The Picture of Dorian Gray was published on 20 June 1890, in the July issue of Lippincott's Monthly Magazine. British reviewers condemned the novel's immorality, and said condemnation was so controversial that the W H Smith publishing house withdrew every copy of the July 1890 issue of Lippincott's Monthly Magazine from its bookstalls in railway stations. Consequent to the harsh criticism of the 1890 magazine edition, Wilde ameliorated the homoerotic references, to simplify the moral message of the story. In the magazine edition (1890), Basil tells Lord Henry how he "worships" Dorian, and begs him not to "take away the one person that makes my life absolutely lovely to me." In the magazine edition, Basil concentrates upon love, whereas, in the book edition (1891), Basil concentrates upon his art, saying to Lord Henry, "the one person who gives my art whatever charm it may possess: my life as an artist depends on him."
The magazine edition of The Picture of Dorian Gray (1890) was expanded from thirteen to twenty chapters; and the magazine edition's final chapter was divided into two chapters, the nineteenth and twentieth chapters of the book edition of The Picture of Dorian Gray (1891). Wilde's textual additions were about "fleshing out of Dorian as a character" and providing details of his ancestry that made his "psychological collapse more prolonged and more convincing."

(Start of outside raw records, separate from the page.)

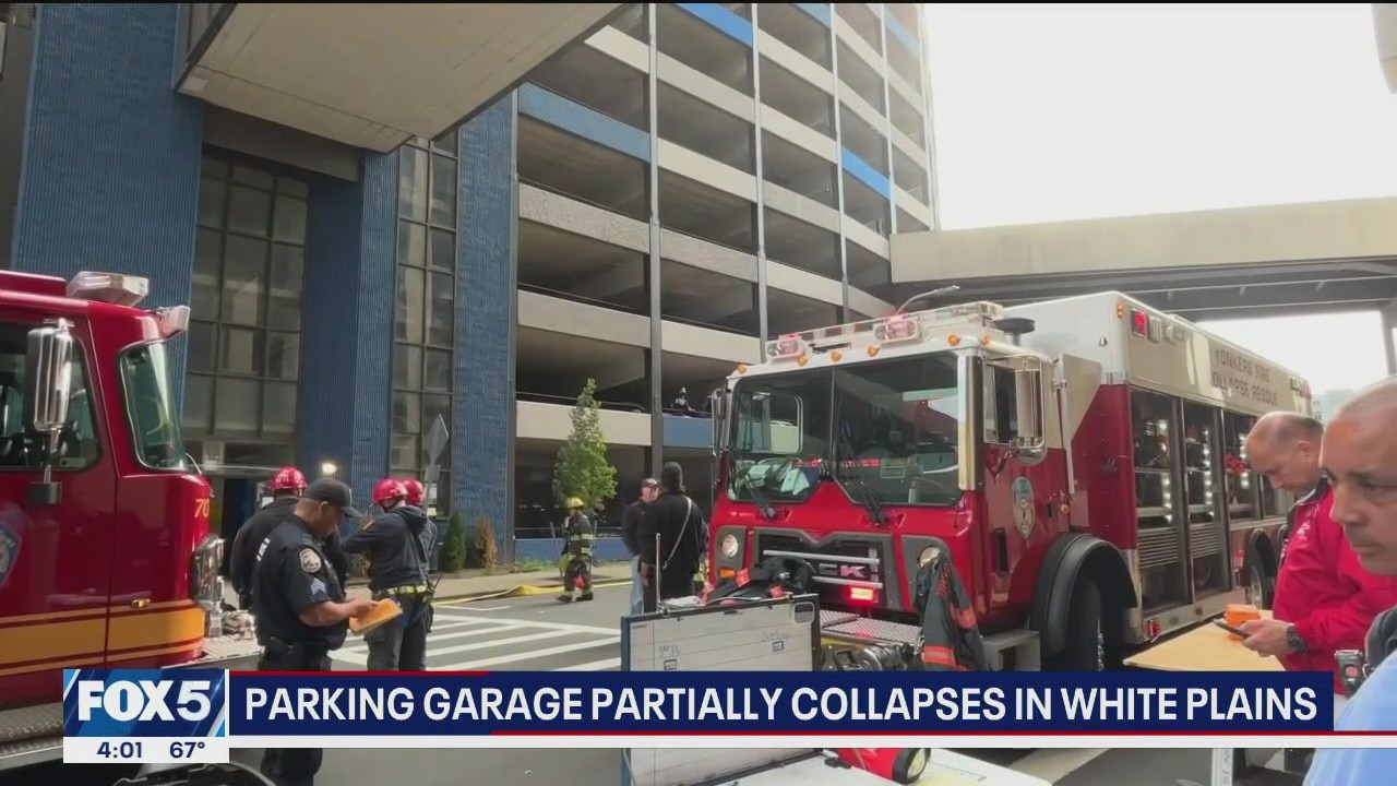In this FOX 5 News Block, the floor of a White Plains parking garage partially collapsed onto another floor earlier today. Also, an explosion at an auto body shop in Hillside, New Jersey, sparked a massive fire Tuesday evening, destroying several businesses and sending thick black smoke pouring into the air.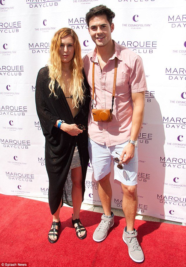 Jayson Blair, who stars in the NBC sitcom The New Normal, looked a bit less ready for a dip in a pink short-sleeved top, blue seersucker shorts and grey high top trainers.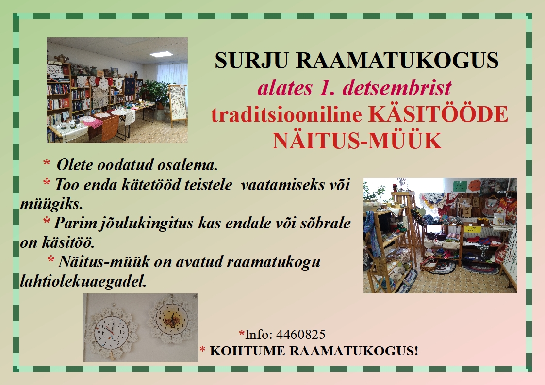 * Alates 1. detsembrist traditsiooniline "KÄSITÖÖDE
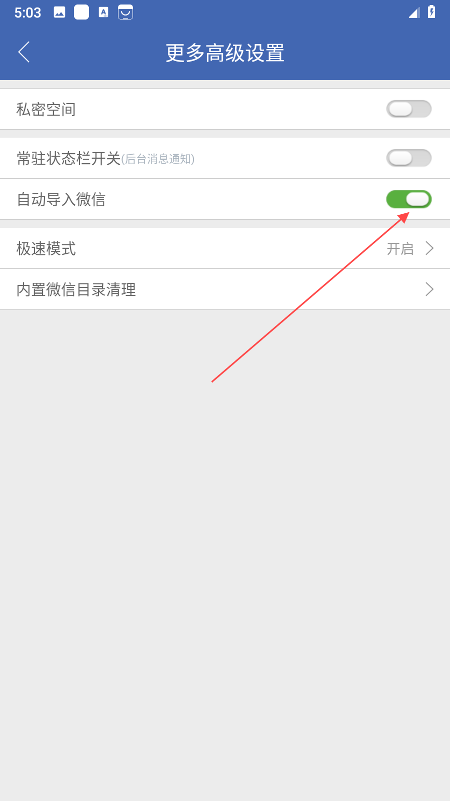 2、進(jìn)入更多高級設(shè)置頁面后,瀏覽設(shè)置列表,找到自動(dòng)導(dǎo)入微信選項(xiàng),此時(shí)可以看到該選項(xiàng)對應(yīng)的開關(guān)按鈕。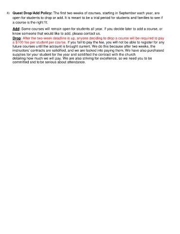 8) Quest Drop/Add Policy: The first two weeks of courses, starting in September each year, are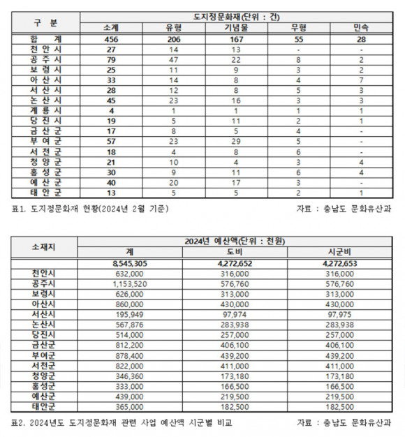 µµ ¹®ÈÀ¯»ê°ú¿¡ µû¸£¸é Ãæ³²ÀÇ 456°³ µµÁöÁ¤¹®ÈÀç Áß 45°³°¡ ³í»ê¿¡ À§Ä¡Çϰí ÀÖÀ¸¸ç, ÀÌ´Â °øÁÖ 79°³, ºÎ¿© 57°³¿¡ ÀÌ¾î ¼¼ ¹øÂ°·Î ¸¹Àº ¼öÄ¡´Ù. Ãæ³²µµÀÇ ¿ÃÇØ µµÁöÁ¤¹®ÈÀç °ü·Ã »ç¾÷ ¿¹»ê¾×Àº ÃÑ 42¾ï 7õ265¸¸ ¿øÀÌ´Ù.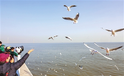 冬日,众多游客在东疆亲海公园观赏海鸥。(记者 吴迪 摄)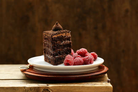 Chocolate cake with raspberries on a plate on a wooden table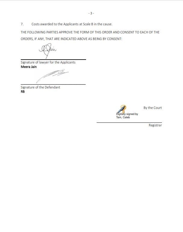 As to the requisite elements of a cause of action for the tort of abuse of process, in Oei v. Hui the B.C. Court of Appeal clarified that the tort has the three (3) elements, that are in abundance in the instant civil action: (i) a collateral and improper purpose; (ii) an overt act in furtherance of the collateral and improper purpose; and (iii) resulting loss. Stay tuned, as the cases wind their way to trial, at which Amanda Myers and Michele Vincent will be examined, under oath!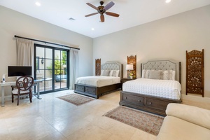 Spacious bedroom with two beds, a ceiling fan, and patio access for ultimate comfort.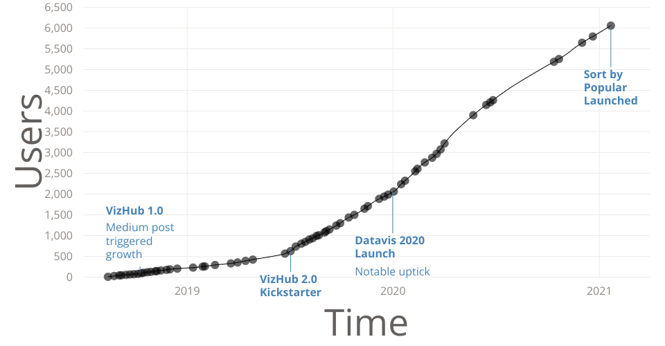 The number of VizHub users over time, since it was launched on August 14, 2018.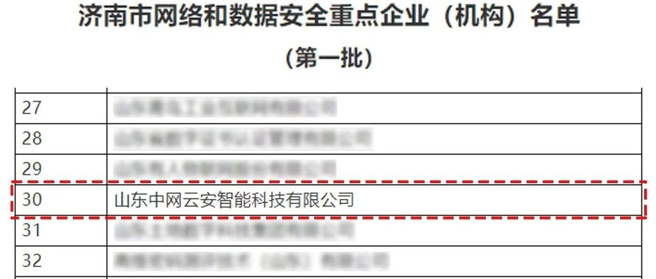 经各区县推荐申报、专家评审等程序,中网云安凭借优秀的技术研发能力,成功入选济南市网络和数据安全重点企业(机构)名单(第一批...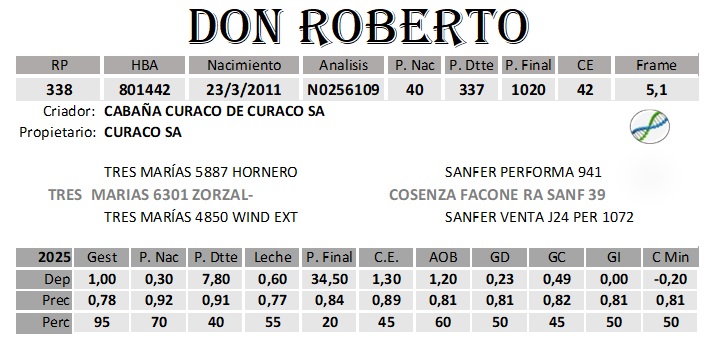 | FENOTIPO IMPONENTE DONDE SE DESTACA SU GRAN CALIDAD RACIAL, LARGO, PROFUNDIDAD, CORRECCIÓN, ANCHO, FUNCIONALIDAD Y EXCELENTES TESTÍCULOS Y FERTILIDAD. Rodeado por un pedigree excepcional, sin duda uno de los mejores hijos de Zorzal, sobre la 39 (dos años seguidos 2º Madre del Año de la Raza) y nieto de la vaca fundadora de la cabaña, Sorpresa, de la cual desciende el 75% del plantel de Curacó. Propio hermano de Jacinto, dos veces Reservado Gran Campeón Macho de Palermo 2012- 2013 y gran padre. Sus propias hermanas son las donantes líderes de la cabaña, con cuyas primeras crías obtienen La Gran Campeón Hembra Nacional del Ternero 2014 y Lote Reservado Gran Campeón. | |||||||||||||||||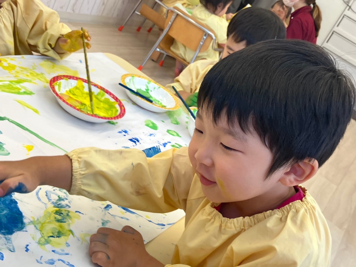 子ども達が、実際に目で見て感じた模様は、次のお友だちへと繋がり、「はなび!?どんなの?」と花火模様の大根は大人気でしたよ。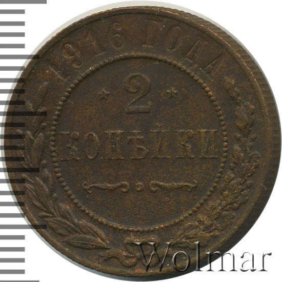 В центре указан номинал — цифра «2», ограниченная с обеих сторон звездочками. Под цифрой номинала — слово "КОПЕЙКИ". Ниже, расположен декоративный разделитель в виде двух изогнутых линий и небольшой окружности между ними. Центральная часть отделена от остального изображения, окружностью в виде точек. В верхней части полукругом углубленная надпись: "1916 ГОДА". Вдоль канта изображен венок из лавровой и дубовой ветвей, которые, в нижней части, перевязаны лентой на узел бантом.

The introduction of the James Vane character to the story develops the socio-economic background of the Sibyl Vane character, thus emphasising Dorian's selfishness and foreshadowing James's accurate perception of the essentially immoral character of Dorian Gray; thus, he correctly deduced Dorian's dishonourable intent towards Sibyl. The sub-plot about James Vane's dislike of Dorian gives the novel a Victorian tinge of class struggle. With such textual changes, Oscar Wilde meant to diminish the moralistic controversy about the novel The Picture of Dorian Gray.